Et le jeu ne laisse AUCUNE latitude au joueur. Les portes s'ouvrent et se ferment, se verrouillent et déverrouillent sans aucune explication, cohérence ou logique, suivant simplement le désir des développeurs. On passe son temps à cliquer sur chaque porte en attendant de trouver celle qui s'ouvre vers la pièce suivante. Et entre chaque porte on tapote Espace pour que la canne éclaire l'environnement...enfin pas trop, sinon on risque d'attirer le monstre.
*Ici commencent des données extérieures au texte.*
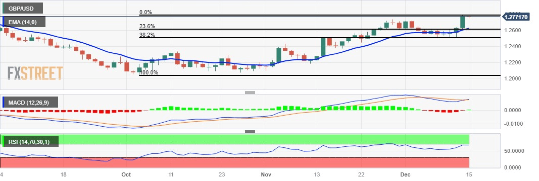 GBP/USD grapples to continue its winning streak that began on Monday, trading around 1.2770 during the Asian hours on Friday. The GBP/USD pair receives a boost from the hawkish stance of the Bank of England (BoE).
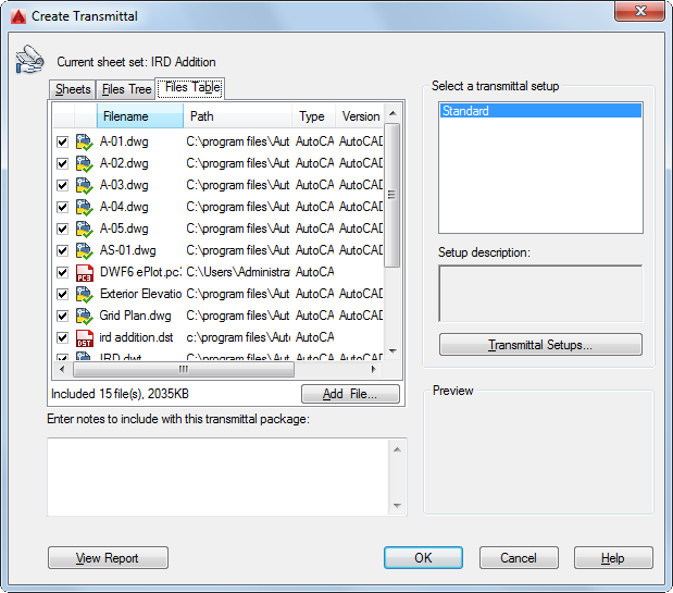 By default, all files associated with the current drawing (such as related xrefs, plot styles, and fonts) are listed. You can add files to the transmittal package or remove existing files. Related files that are referenced by URLs are not included in the transmittal package.
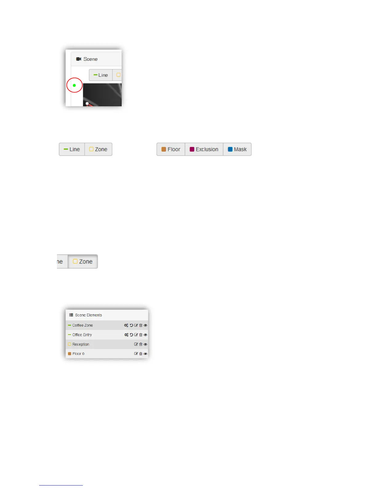 These buttons allow the user to add new scene elements like count lines and zones but also
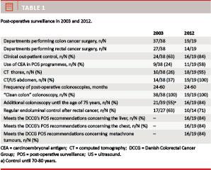 In 2003 the pattern of POS after intended curative CRC operations in Denmark was evaluated with regard to diagnosis of local and distant recurrence and diagnosis of metachrone cancers [5]. At that time, patients with CRC were operated at a total of 38 departments. In all, 28 of these departments (74%) offered their patients a POS programme. Diversity in the choice of surveillance modalities as well as in the frequency of the use of these modalities was observed.
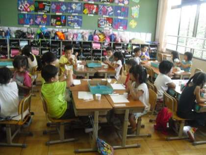 5時間目の生活の時間に,あさがおの花から色を絞り出して色水を作りました。少し水を足してもんでみると,じわじわと色が出てきておもしろかったです。色水をカップの中に入れて,和紙の端をつけると,薄い色や濃い色など様々な色がでてきてきれいでした。あさがおさん,元気に大きく育ってくれてありがとう!
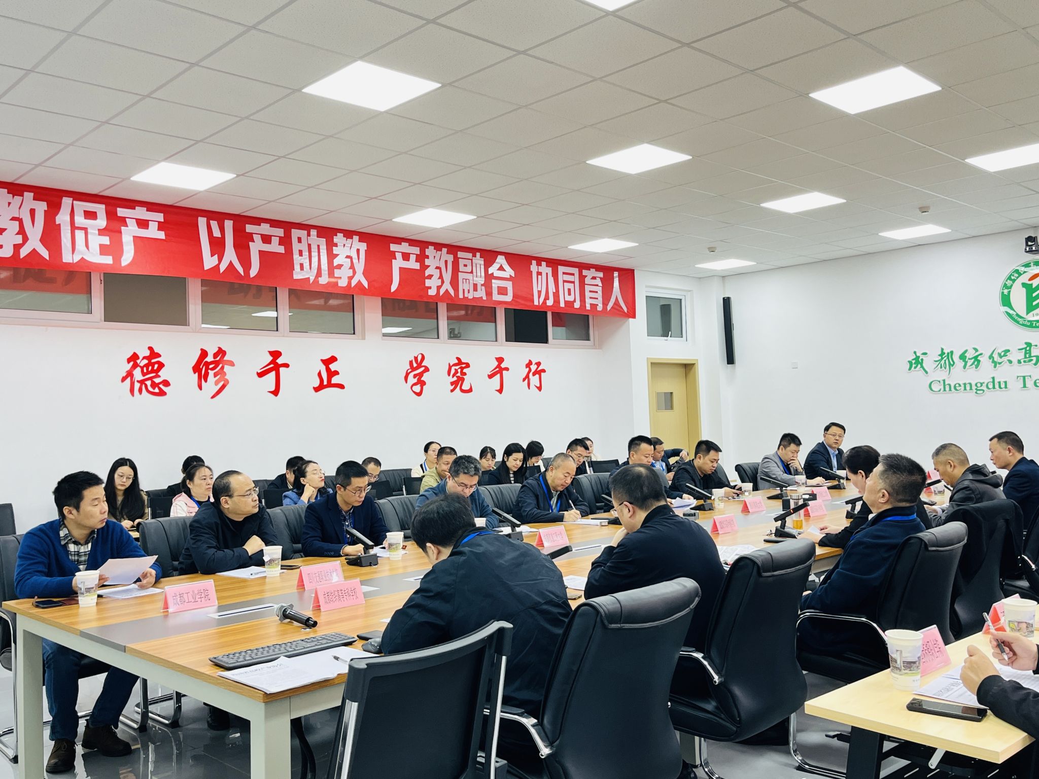 参观结束后,产教融合座谈会在成都纺织高等专科学校第二会议室召开。会上,成都纺织高等专科学校党委常委、副校长刘莉致欢迎辞,产教融合专委会主任、成都纺专资产公司总经理陈俊明分享了学校资产公司的产教融合项目发展经验,四川省高校产业协会副会长罗俊组织了“四川省高校产业协会产教融合示范项目推送方案”讨论会。座谈会还组织观看了邛崃市旅游宣传片。
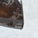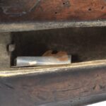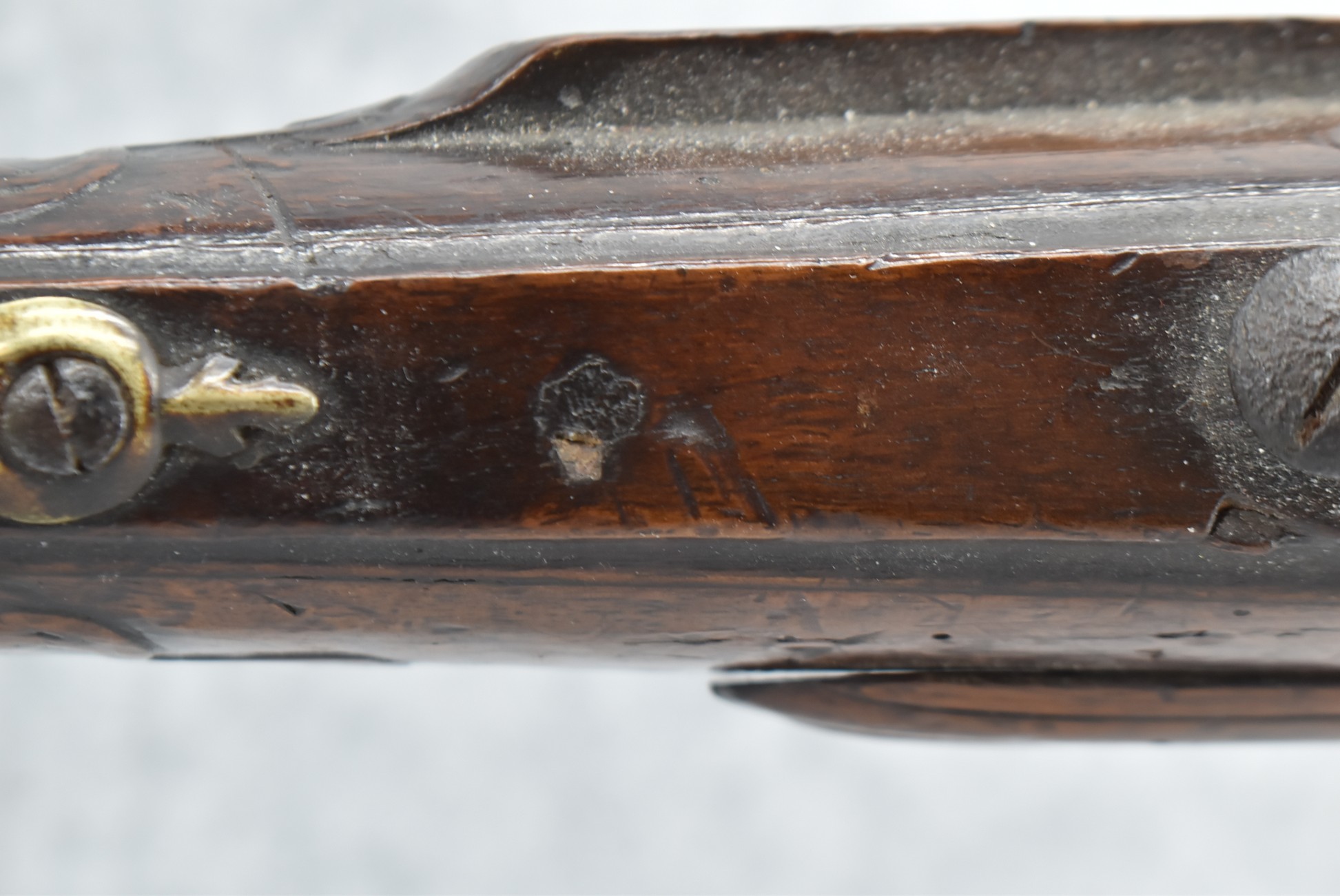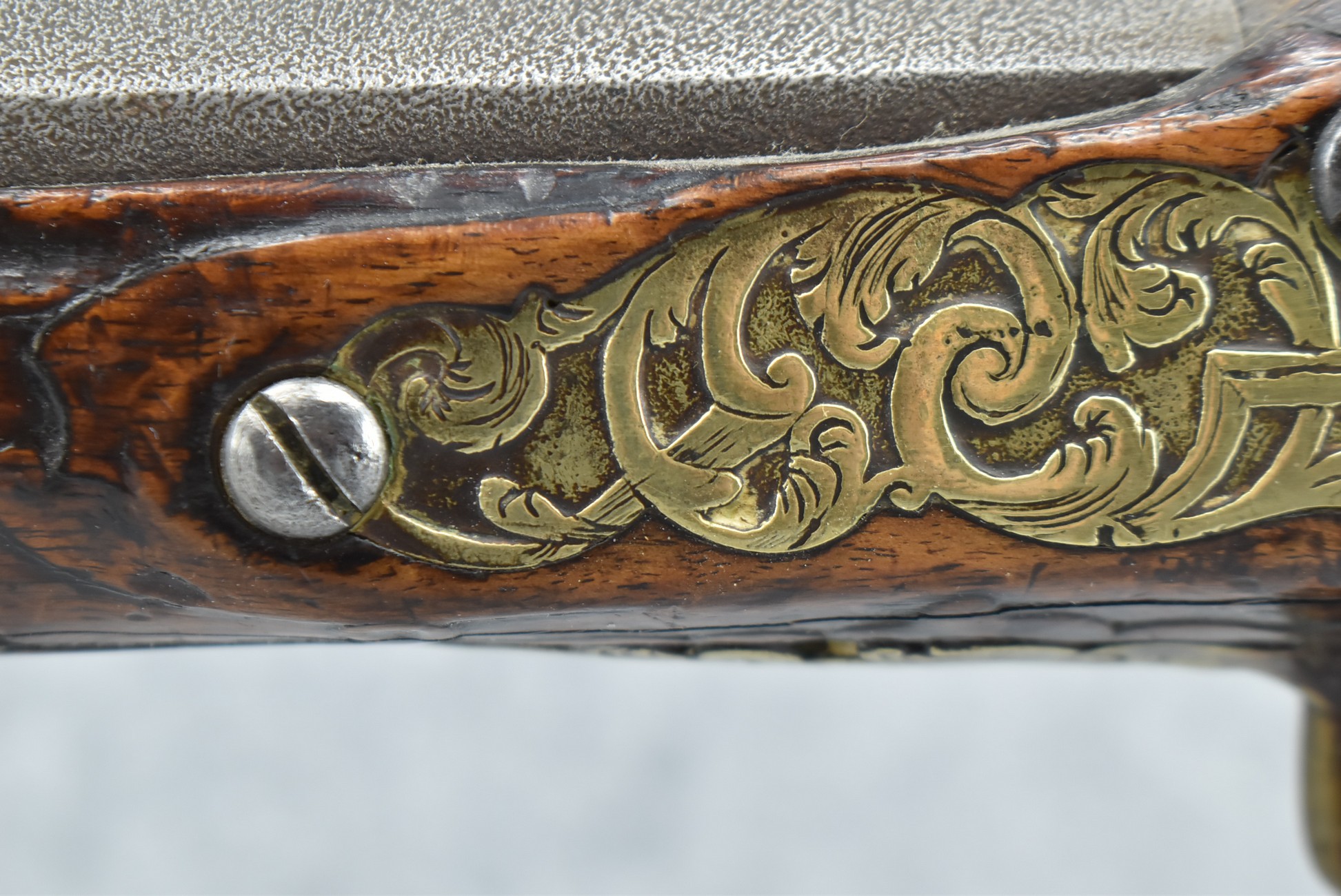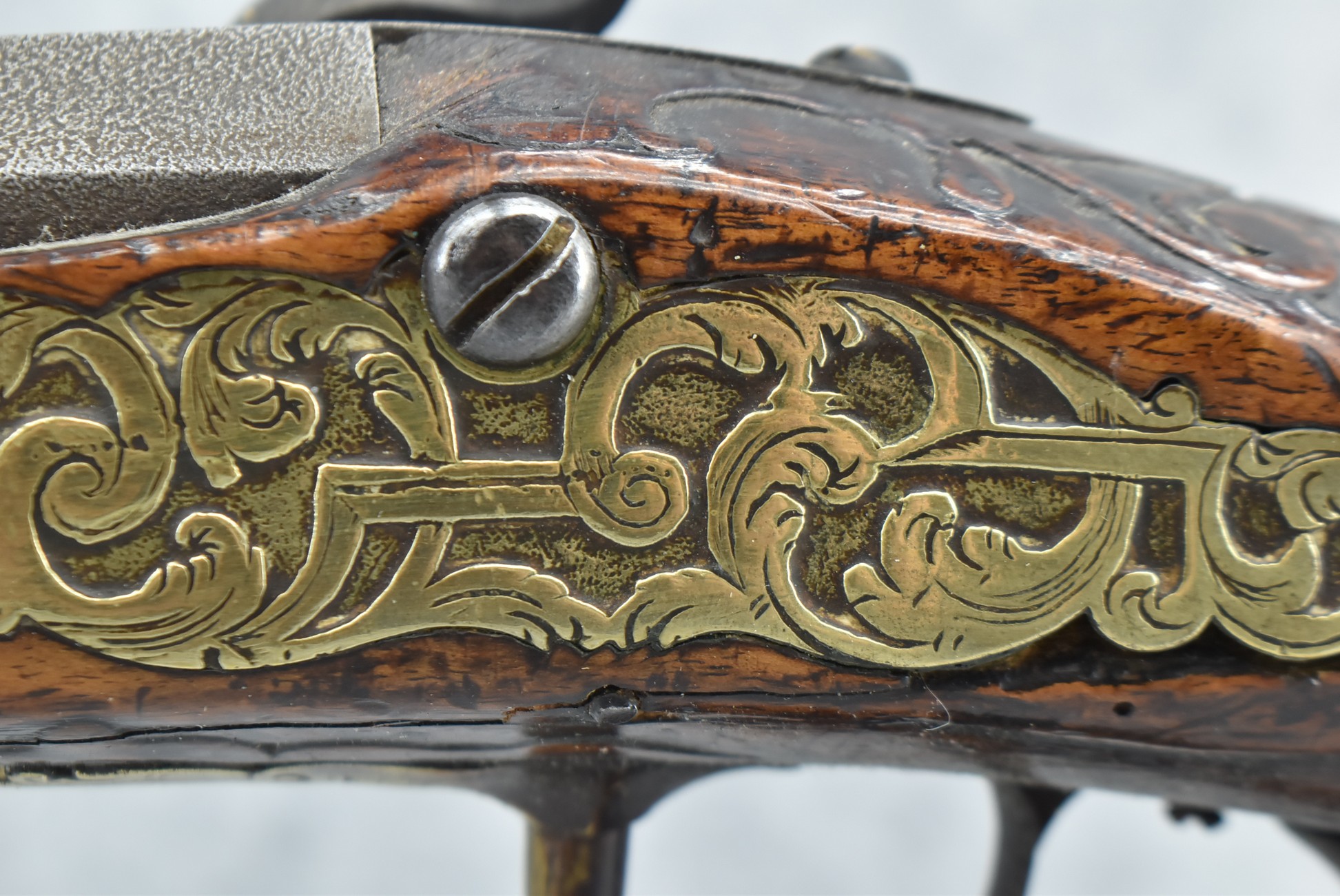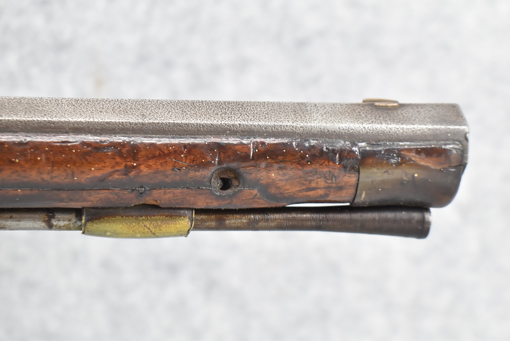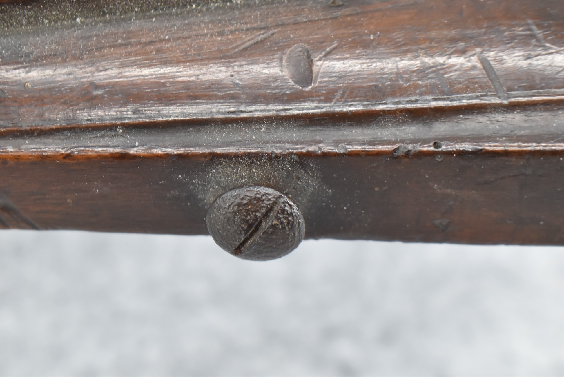139. Early Antique 65 Cal. Very Ornate Percussion Black Powder Rifle – w/28” Octagon Barrel w/Front & Ornate Rear Barrel Sights – w/Relief Carved Full Wood Stock w/Sliding Wood Door Patch Box w/Brass Furniture – w/Double Set Triggers – w/Ram Rod – No Mfg. Marking

Oui, parce que Perception a vaguement une entité monstrueuse qui pointe le bout de son nez à mi-chemin de l'aventure. Loin de revitaliser la progression, ce dernier n'a aucun impact positif ou négatif. Déjà parce que le seul bruit qui puisse l'invoquer est celui de la canne. Le joueur peut courir comme un marathonien sur le parquais qui résonne, ou activer tous les audiologs du manoir en même temps sans jamais attirer la créature. De plus, si jamais après avoir spammé la touche Espace, le monstre se révélait et l'attrapait, le joueur meurt en un coup mais revient à l'objectif en cours, quelques pièces en arrière...rien de bien effrayant là dedans. Alors, on peut effectivement se cacher, mais à quoi bon?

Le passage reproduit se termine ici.